SADE, Società Adriatica di Elettricità, è la realizzatrice della diga, ad essa, con la nazionalizzazione delle imprese elettriche, pochi mesi prima della tragedia, subentr&0grave; l'ENEL.
Alberico Biadene ne è il direttore generale, Carlo Semenza il progettista, Mario Pancini il vice direttore, tutti ingegneri, Francesco Penta è il principale consulente per i problemi geologici.

La diga del Vajont, costruita a sbarrare la Gola del diavolo, alta 261,6 metri era la più alta del mondo; realizzata a doppio arco, si può considerare un capolavoro di ingegneria. Infatti ha resistito alla spaventosa ondata di 25 milioni di metri cubi d'acqua, alta 200 metri, causata dalla frana di 260 milioni di metri cubi di roccia precipitati dal Monte Toc nell'invaso, che l'ha scavalcata precipitando a valle e radendo al suolo i paesi di Longarone e quelli limitrofi.

Innumerevoli i sintomi premonitori della frana e della sua imminenza, dalla lunga crepa nel fianco della montagna, che si andava vieppiù allargando, a diverse frane di relativamente modesta entità, alle scosse di terremoto addirittura fino al settimo grado della scala Mercalli, alle crepe nelle vecchie case di Erto e Casso. E c'erano studi di altri geologhi che ne avevano valutato la grandissima entità, e simulazioni su un modello avevano mostrato l'enorme onda che, oltre ad una certa altezza dell'invaso, avrebbe scavalcato la diga precipitando a valle. 700 metri era stato valutato il livello di sicurezza. Tanto ne erano consapevoli i responsabile della SADE che avevano costruito una galleria che avrebbe dovuto collegare i tronconi del lago se fosse stato spezzato in due dalla frana. Ma l'invaso venne portato a 710 metri e soltanto nell'ultimo giorno prima della tragedia (9 ottobre 1963, 60 anni fa) si tentò disperatamente di diminuirlo.

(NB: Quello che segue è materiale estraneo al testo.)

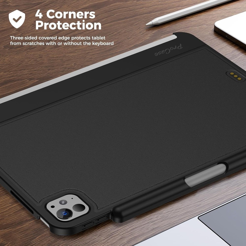 Warning! The Magic Keyboard Not Included:The ProCase iPad Pro 11 inch case works seamlessly with Apple Magic Keyboard and Smart Keyboard Folio, compatible with iPad Pro 11 inch (M5) 2025 (Model number: A3357,A3358,A3359) / iPad Pro 11 inch (M4) 2024 (Model number: A2836,A2837,A3006). Please check back bottom of your iPad to find the model number "Axxxx". No Need to Take off The iPad Case: This back case allows your magic keyboard to connect to your iPad pro seamlessly. You no longer need to take off the iPad case Built-in Pencil Holder: It features a pencil slot at the top that supports Apple pencil Wireless charging; Easily take your pencil out and put it back Seamless Fit & Lightweight: The three-sided design case is slim enough to close the Magic Keyboard and iPad Pro seamlessly; It barely adds any extra bulk to the iPad Pro while offers your iPad Pro a extra protection, inner soft microfiber lining won't scratch your device Extra Protection & Hassle-free Use: Offers daily protection of the back and side when you're not using the Magic Keyboard; Attach it magnetically to the Keyboard when you are ready to type. Full access to all features (Cameras, Speaker, Ports and Buttons)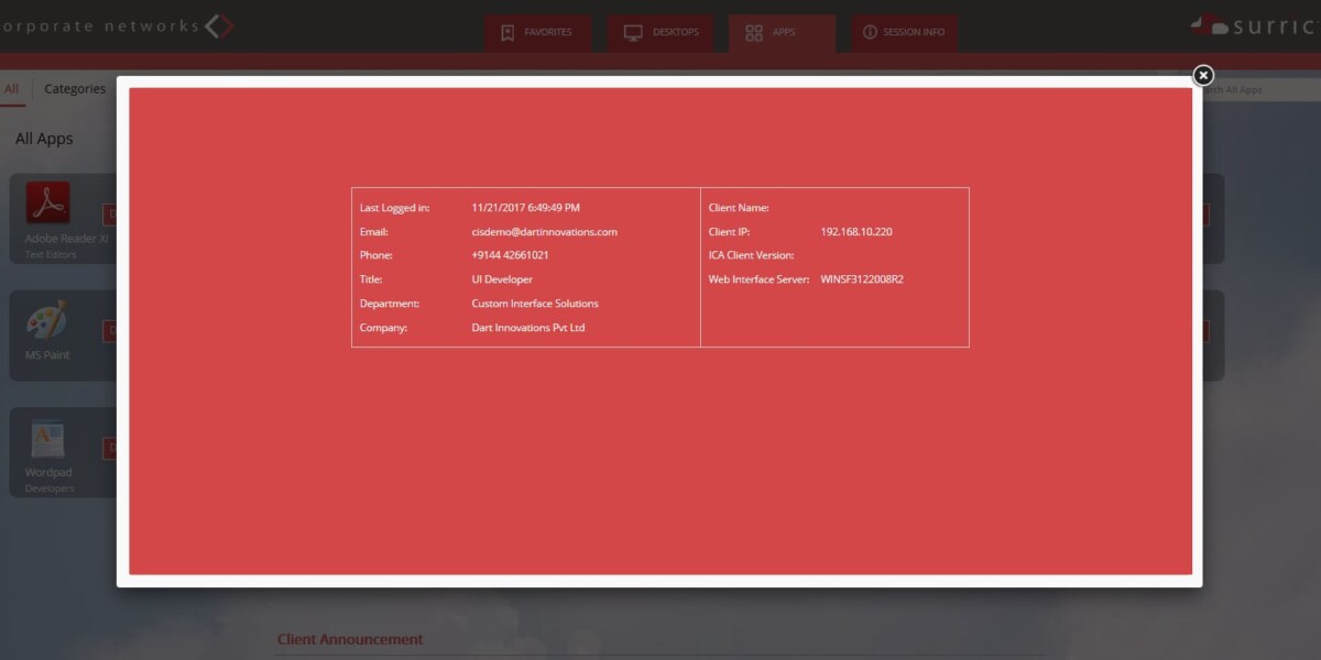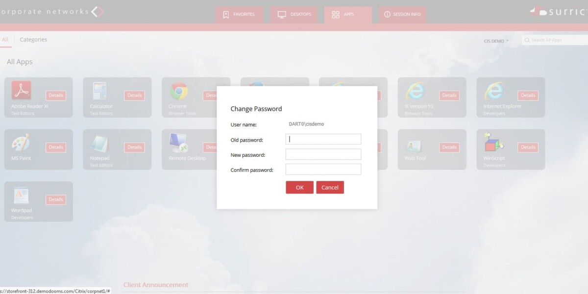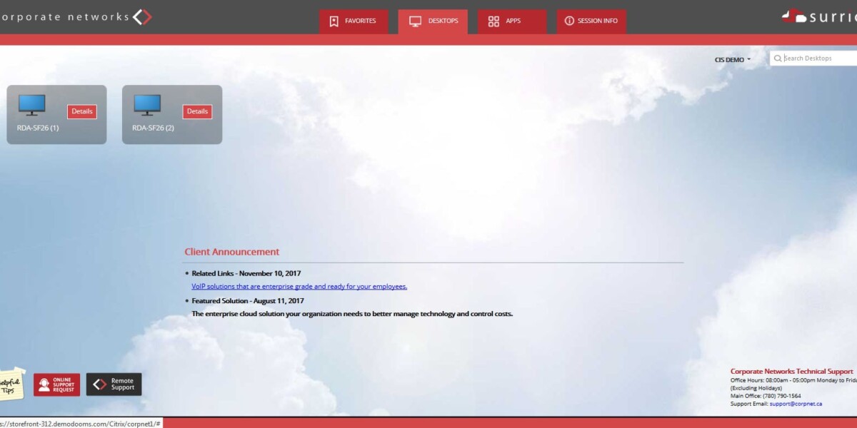 | Interface | Citrix StoreFront 3.12 and Netscaler 12.0 |

Si è spesso parlato di sete di guadagno, ma è giusto dire che il prezzo di esproprio della SADE con il suo passaggio all'ENEL, come previsto dalla legge di nazionalizzazione delle imprese elettriche (Legge 6 dicembre 1962, n.1643), era fissato sul valore delle azioni nel triennio 1959-1961, senza alcun riferimento al valore e alla funzionalità degli impianti da essa posseduti. Nessun vantaggio economico per SADE e per Biadene personalmente nel voler far funzionare a tutti i costi l'impianto.

“La società attuale ha trasferito il concetto di onnipotenza divina in quello di onnipotenza della tecnologia umana” ha recentemente scritto il filosofo Umberto Puccio su Arengario, e in questo smisurato orgoglio, diabolico orgoglio, sta forse la spiegazione di questi comportamenti.

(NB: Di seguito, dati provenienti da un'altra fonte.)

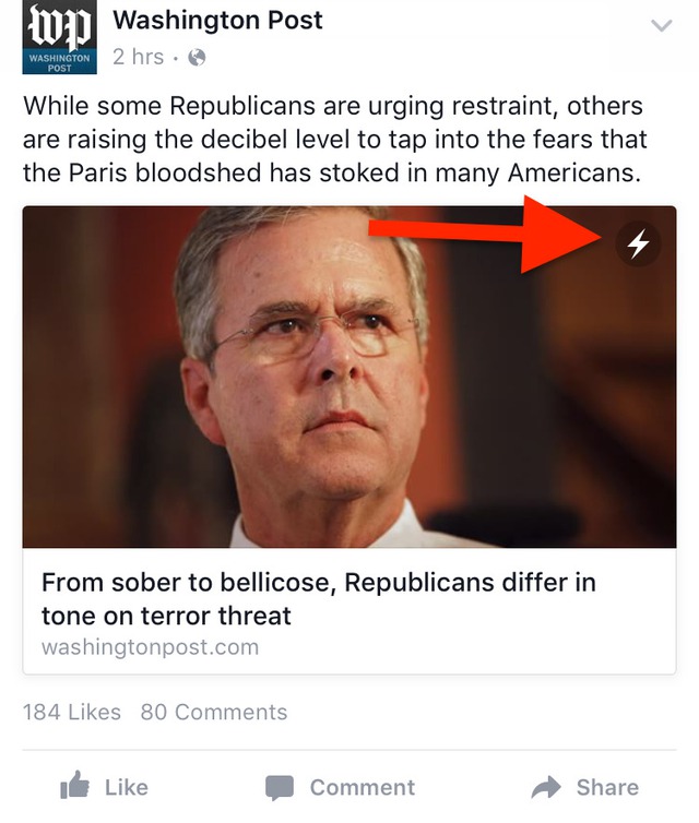 Trên Facebook, một số bài viết được chia sẻ từ 1 trang web khác sẽ xuất hiện biểu tượng hình tia sét ở góc bên phải của ảnh đại diện. Điều đó có nghĩa rằng bạn có thể đọc thông tin này ngay trên Facebook mà không cần phải truy cập liên kết đó. Những liên kết như thế này đang ngày càng tăng lên trên Facebook.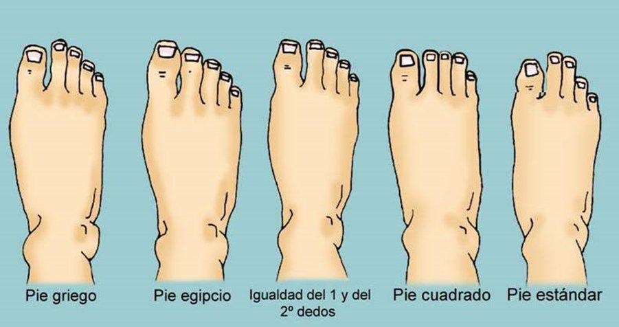 Pie estándar: similar al anterior con la diferencia de que el tercer dedo es mayor que el primero (2>3>1>4>>5). Representa el 9,2 % de la población estudiada.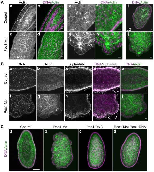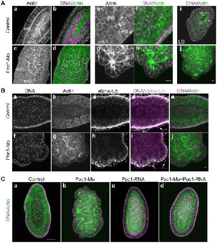 Figure 6. Poc1-MO disrupts gastrulation but not ciliogenesis.A. Confocal images of planula-stage embryos fixed one day after fertilization showing nuclear DNA labeled with Hoechst dye (purple in overlay) and actin with rhodamine-phalloidin (green in overlay). Poc1-MO at 2 mM (c,d) had little effect on the morphology of the ectoderm (ect), but cells in the endoderm were noticeably larger than in uninjected controls (a,b) and failed to organize into an epithelial layer. Following injection of Poc1-MO at 3 mM, the ectodermal layer was also found to be thickened compared to uninjected controls observed at the same time (e–f) and the cells organized in distinctive cell “rosettes” joined by strong basal actin bunches (g–h). The ectodermal organization in Poc1-MO embryos (h) closely resembled that of un-ingressed ectoderm cells (stars) in uninjected control embryos (g) at the late gastrula (LG) stage, consistent with the delay in gastrulation observed in time-lapse experiments. B. Confocal images of one-day planula–stage embryos stained with Hoechst dye (purple in overlay), rhodamine-phalloidin (green in overlay) and anti-alpha-tubulin to visualize microtubules including cilia (white in overlay, arrows). Pre-injection of 3 mM Poc1-MO (bottom row of images) caused severe disruption of morphology but did not prevent cilia growth on the ectodermal cells. C. Confocal images of one-day planula–stage embryos stained as in A, comparing uninjected embryos (a) with ones pre-injected with Poc1-MO (b), Poc1-mRNA alone (c) or Poc1-MO followed by Poc1-mRNA (d). The defects caused by Poc1-MO were abolished by subsequent mRNA injection, demonstrating specificity of phenotype. Poc1-mRNA alone had no major effect on cell or embryo morphology. Scale bar: 50 µm. |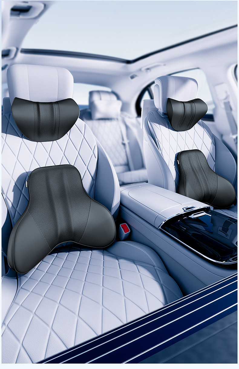Tags: automotive interior comfort, car neck pillow, lumbar support for car, memory foam back rest, seat spine protector, travel headrest cushion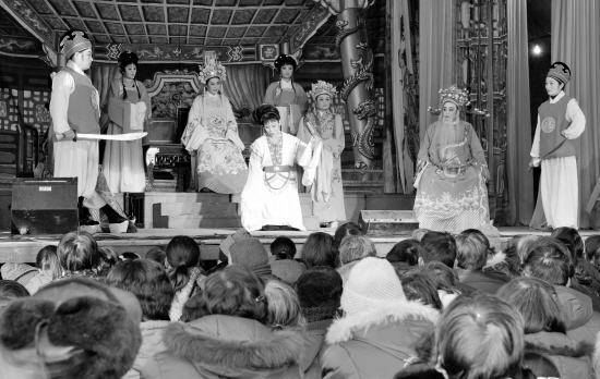 1月25日,嵊州市飞翔越剧团正在该市浦口街道演出越剧《孟丽君》。嵊州市春节期间约有100多个越剧团在全国各地演出,为国内1亿多戏迷送上精彩的戏剧节目,丰富了群众的文化生活。【来源:天天商报】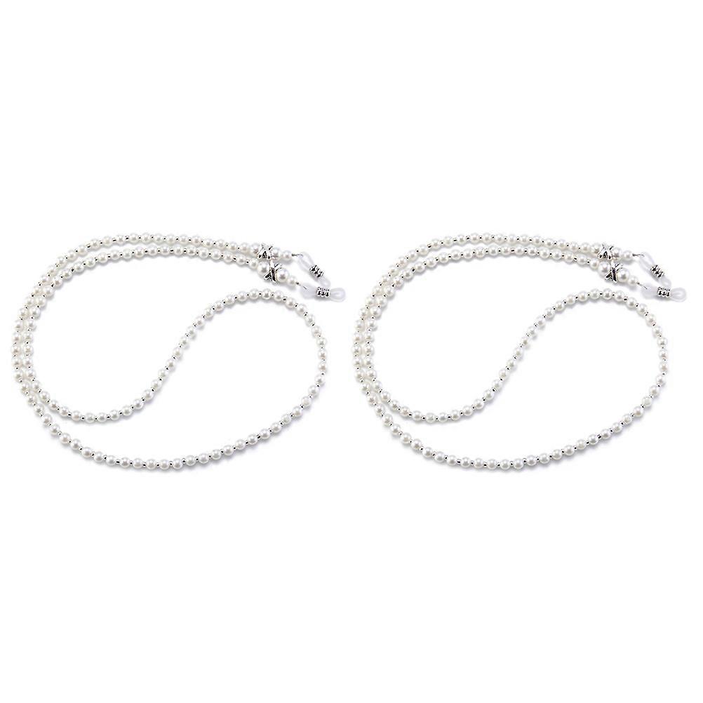 Eyeglass Cord Beaded Eyeglasses Strap Lanyards White 70 x 1 x 0.4cm 2Set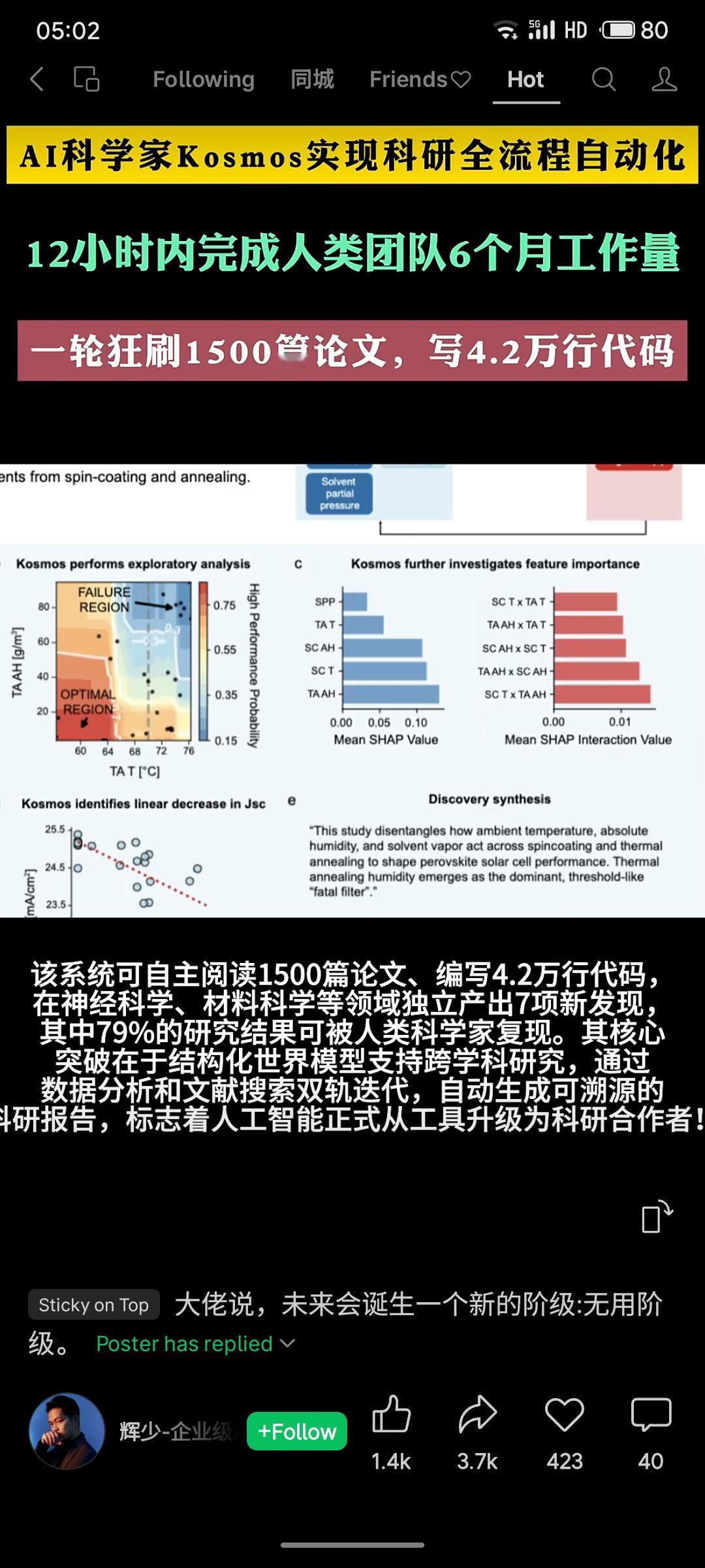 AI科学家Kosmos实现科研全流程自动化,仅用12小时就能完成人类团队6个月的工作量。该系统可自主阅读1500篇论文、编写4.2万行代码,在多个科学领域独立产出新发现,其中79%的研究结果能被人类科学家复现,标志着AI正式成为科研合作者。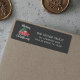 Ces étiquettes d'adresse de retour Joyeux Noël rouge et gris arbre sont parfaites pour une carte de vacances ou une invitation de style moderne mais vintage. Le design comprend une vieille camionnette rouge classique portant un arbre de Noël avec les mots "Joyeux Noël" dans une police moderne en lettres sur un arrière - plan gris foncé.

La grande stampa aveva totalmente ignorato i problemi della diga, tranne l'Unità con gli articoli di Tina Merlini, che aveva raccolto le preoccupazioni della popolazione di Erto e Casso ed aveva anche raccontato della frana di 3 milioni di metri cubi di roccia nel lago di Pontesei, a pochi chilometri, dove l'ondata provocata aveva superato la statale che costeggiava il lago causando la morte di un operaio.
La Merlini era stata denunciata e rinviata a processo per aver diffuso “notizie false e tendenziose, atte a turbare l'ordine pubblico”, era stata assolta con formula piena grazie alle testimonianze di molti abitanti di Erto e Casso.

Procedimenti penali.
Il 21 febbraio 1968 il giudice istruttore di Belluno, Mario Fabbri, depositò la sentenza del procedimento penale contro Biadene, Pancini, Penta ed altri. Carlo Semenza era deceduto prima del disastro, Francesco Penta poco dopo la sentenza e Mario Pancini si tolse la vita per il rimorso alcuni mesi dopo.
Il processo di primo grado si tenne all'Aquila per legittima suspicione, come pure il procedimento di appello.
Nel 1971 a Roma il processo di Cassazione, Biadene venne condannato a cinque anni (due per il disastro e tre per gli omicidi), un altro imputato a tre anni e otto mesi: entrambi beneficiarono di tre anni di condono, Biadene venne rilasciato per buona condotta dopo un anno di finta reclusione (4 ore per ciascun morto) “alloggiato in una confortevole cella con un detenuto che gli faceva da domestico e la visita quotidiana della moglie” (Wikipedia).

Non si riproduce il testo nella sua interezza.